I richiedenti asilo non possono portare nell’Unione Europea familiari provenienti da Paesi terzi. Tuttavia, hanno il diritto di ricongiungersi con i familiari già presenti in altri Stati membri. Solo le coppie e i loro figli minori sono considerati membri della famiglia. Il diritto al ricongiungimento familiare per i rifugiati riconosciuti e gli immigrati legali è previsto dalla Direttiva 2003/86/CE del Consiglio, del 22 settembre 2003, relativa al diritto al ricongiungimento familiare. Gli Stati membri dell’UE possono consentire l’ingresso e il soggiorno a (a) parenti di primo grado a carico dell’ascendente diretto del soggiornante o del suo coniuge e (b) figli adulti non sposati del soggiornante o del suo coniuge che non possono mantenersi da soli a causa di problemi di salute. Possono inoltre consentire l’ingresso al partner non sposato in una relazione di lunga durata e comprovata, o al partner di un’unione registrata. Devono essere prese in considerazione prove come un figlio comune, una precedente convivenza o la registrazione di un’unione. Il ricongiungimento familiare con altri coniugi in matrimoni poligami è vietato se un coniuge risiede già in uno Stato membro dell’UE. Gli Stati membri dell’UE possono limitare il ricongiungimento familiare per i figli minori di un altro coniuge e del soggiornante. Per favorire l’integrazione e prevenire i matrimoni forzati, possono richiedere che sia lo sponsor che il coniuge abbiano almeno 21 anni prima del ricongiungimento. Possono anche consentire il ricongiungimento di altri familiari a carico di un rifugiato.

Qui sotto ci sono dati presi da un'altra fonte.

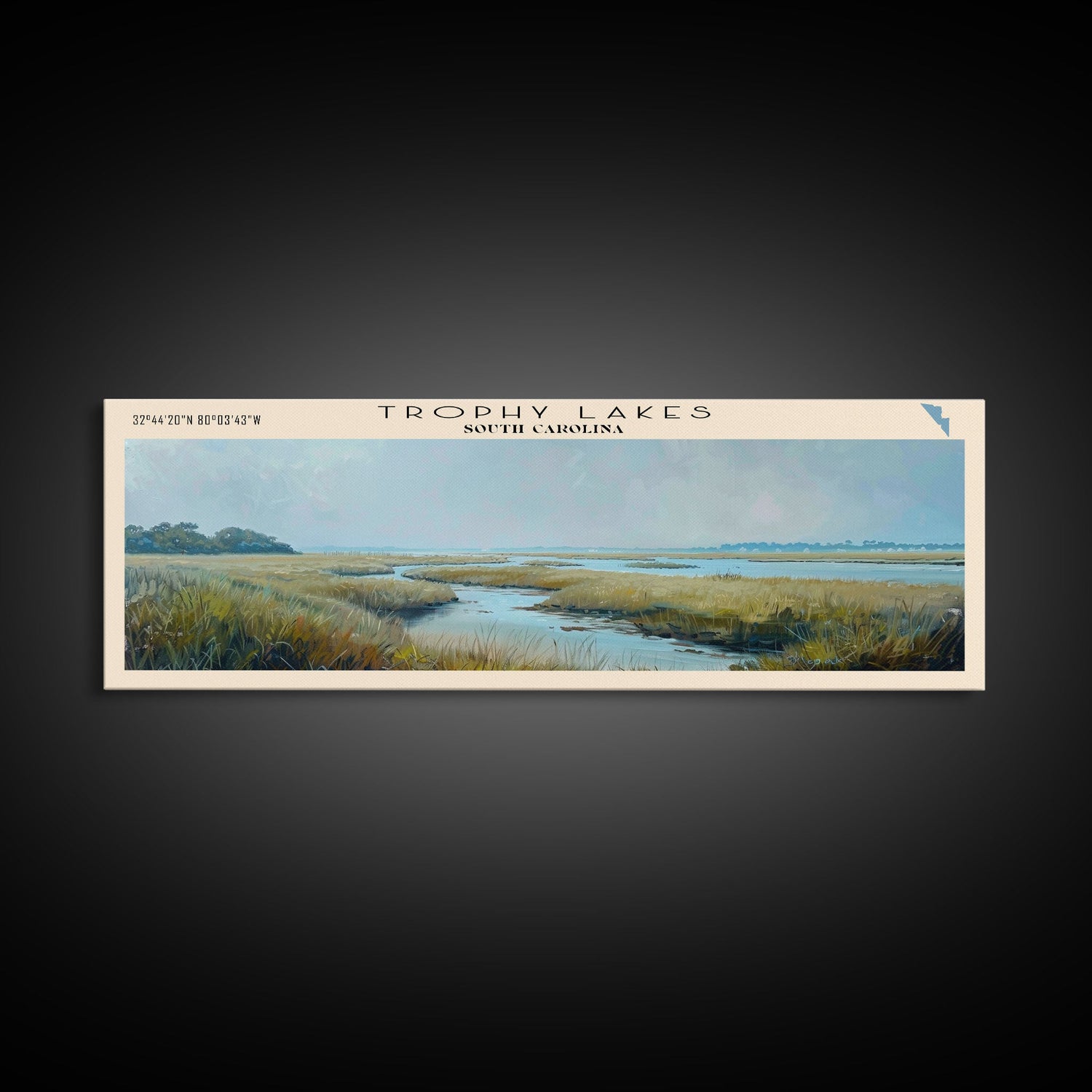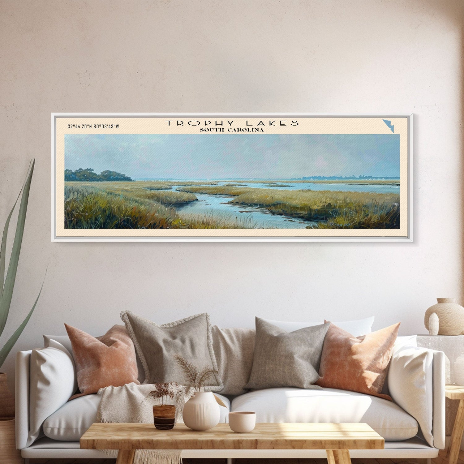 Trophy Lakes South Carolina Panoramic Wall Art, Framed Canvas Print, Lake House Decor, Travel Poster, Scenic Lake Scene, Living Room Art

Per i rifugiati minori non accompagnati, gli Stati membri devono consentire l’ingresso e il soggiorno agli ascendenti diretti di primo grado e possono consentire l’ingresso a un tutore legale o ad altri familiari se non si trovano parenti diretti.
L’esercizio dei diritti di riunione, manifestazione e associazione da parte dei migranti. (L’importanza del diritto di associazione per l’integrazione dei migranti)
I diritti alla libertà di riunione e associazione pacifica sono riconosciuti in numerosi strumenti internazionali. Il Patto internazionale sui diritti civili e politici stabilisce che gli Stati devono rispettare i diritti di riunione e associazione e garantire che tutti gli individui all’interno del loro territorio e della loro giurisdizione possano esercitare questi diritti senza distinzioni di alcun tipo. Questo obiettivo deve essere raggiunto attraverso l’emanazione di leggi, la fornitura di rimedi efficaci e l’attuazione di meccanismi di applicazione efficaci (articolo 2). Il Comitato sui lavoratori migranti (CMW) ha individuato la necessità che gli Stati facilitino la formazione di gruppi auto- organizzati tra i lavoratori migranti, indipendentemente dal loro status migratorio. (Comitato per la protezione dei diritti dei lavoratori migranti e dei membri delle loro famiglie, commento generale n. 2, 28 agosto 2013). L’articolo 15 della Convenzione di Ginevra del 1951 disciplina il diritto dei rifugiati di formare associazioni e sindacati non politici e senza scopo di lucro. Inoltre, l’articolo 11 della Convenzione europea dei diritti dell’uomo, che riguarda la libertà di riunione e di associazione, è applicabile anche ai migranti.